FIG. 1 is a configuration diagram of a coil manufacturing apparatus showing an embodiment of the present invention.

FIG. 2 is a perspective view of an insulating paper wrap holding mechanism showing an embodiment of the present invention.

FIG. 3 is a perspective view of a lap pressing mechanism including two plates according to an embodiment of the present invention.

FIG. 4 is a block diagram of a coil manufacturing apparatus showing an embodiment of the present invention.

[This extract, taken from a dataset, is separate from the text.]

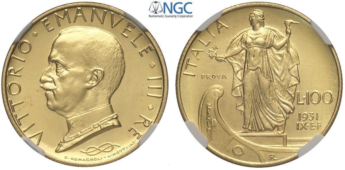 Regno d'Italia, Vittorio Emanuele III (1900-1943), 100 Lire 1931 Prova, Pag-160 RRRR Au mm 23,5 g 8,80 di eccezionale conservazione, in Slab NGC MS66 (second best grade)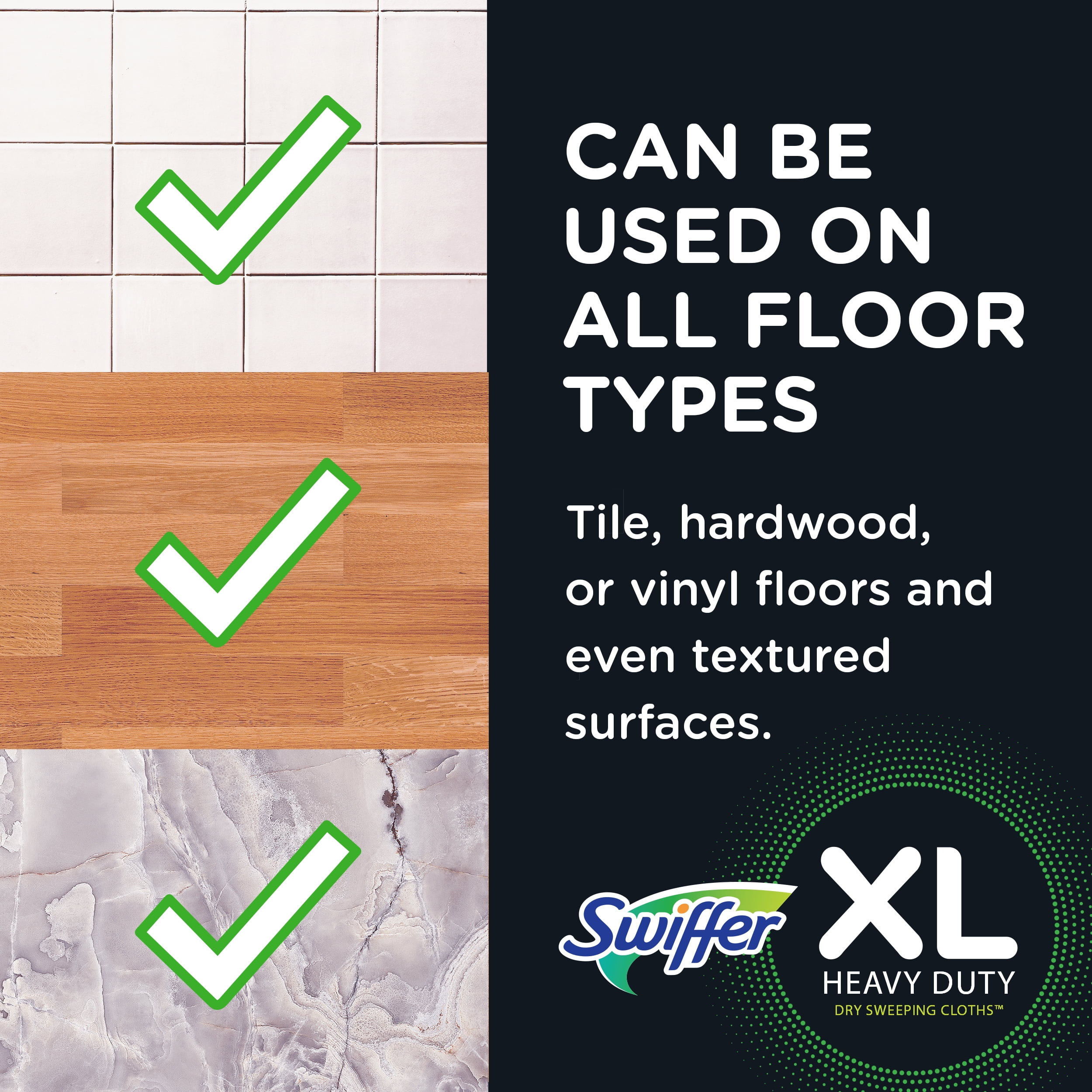 Swiffer XL Heavy Duty Dry Sweeping Cloths are 1.5X wider than regular Swiffer Sweeper cloths to pick up even more dirt, dust and hair with each swipe. Using thick dirt-grabbing ridges and grooves, our powerful dry sweeping cloths leave your floors cleaner than a broom, even on textured surfaces.

FIG. 5 is a plate operation view showing an embodiment of the present invention.

FIG. 6 is a flowchart for forming a wrap portion of insulating paper showing an embodiment of the present invention.

FIG. 7 is a configuration diagram showing a moving mechanism showing an embodiment of the present invention.

FIG. 8 is a flowchart showing the operation shown in FIG.

FIG. 9 is a block diagram of a conventional coil manufacturing apparatus.

FIG. 10 is a configuration diagram of a conventional coil manufacturing apparatus.

FIG. 11 is a perspective view illustrating a forming operation of a conventional wrap portion.

FIG. 12 is an operation diagram illustrating a forming operation of a conventional wrap portion.

[Explanation of symbols]

10 ... Plate (pressing member), 11 ... Winding form 12 ... Insulation paper winding start portion, 13 ... Insulation paper winding end portion, 14 ... Electric wire 16 ... First Plate (first pressing member) 17 ... Second plate (second pressing member) 21,
..Insulating paper 94a ... Position detection unit (detection unit), 94b ... Left / right determination unit 98 ... Pressing member moving mechanism, 99 ... Electric wire feeding unit moving mechanism (correction mechanism)

Claims (4)

(57) [Claims] 1. A device for manufacturing a coil by winding an insulating paper around the coil, and calculating means for calculating an increase in the outer diameter of the coil by using the number of turns of the coil and at least the outer diameter of the electric wire of the coil, A coil comprising: a pressing member for pressing the winding start portion of the insulating paper; and a pressing member moving mechanism for moving the pressing member to the winding start portion of the insulating paper based on the calculation result of the calculation means. Manufacturing equipment. 2. An insulating paper wound around a coil, an electric wire wound from above the insulating paper, and a pressing member for pressing a winding start portion of the insulating paper while avoiding the electric wire. The coil manufacturing apparatus according to claim 1. 3. An electric wire wound from above the insulating paper, a detecting means for detecting the position of the electric wire, two or more pressing members for pressing the winding start portion of the insulating paper, and the detecting means. The coil manufacturing apparatus according to claim 1, further comprising a pressing member moving mechanism that presses the electric wire by at least one pressing member based on a detection result. 4. An apparatus for manufacturing a coil by winding an electric wire around a winding form, and calculating means for calculating an increase in outer diameter of the coil by using the number of turns on the winding form and at least the outer diameter of the electric wire. A coil manufacturing apparatus, comprising: a correction mechanism that calculates the outer diameter increase of the coil by the calculation means and corrects the distance from the coil to the electric wire supply port based on the calculation result.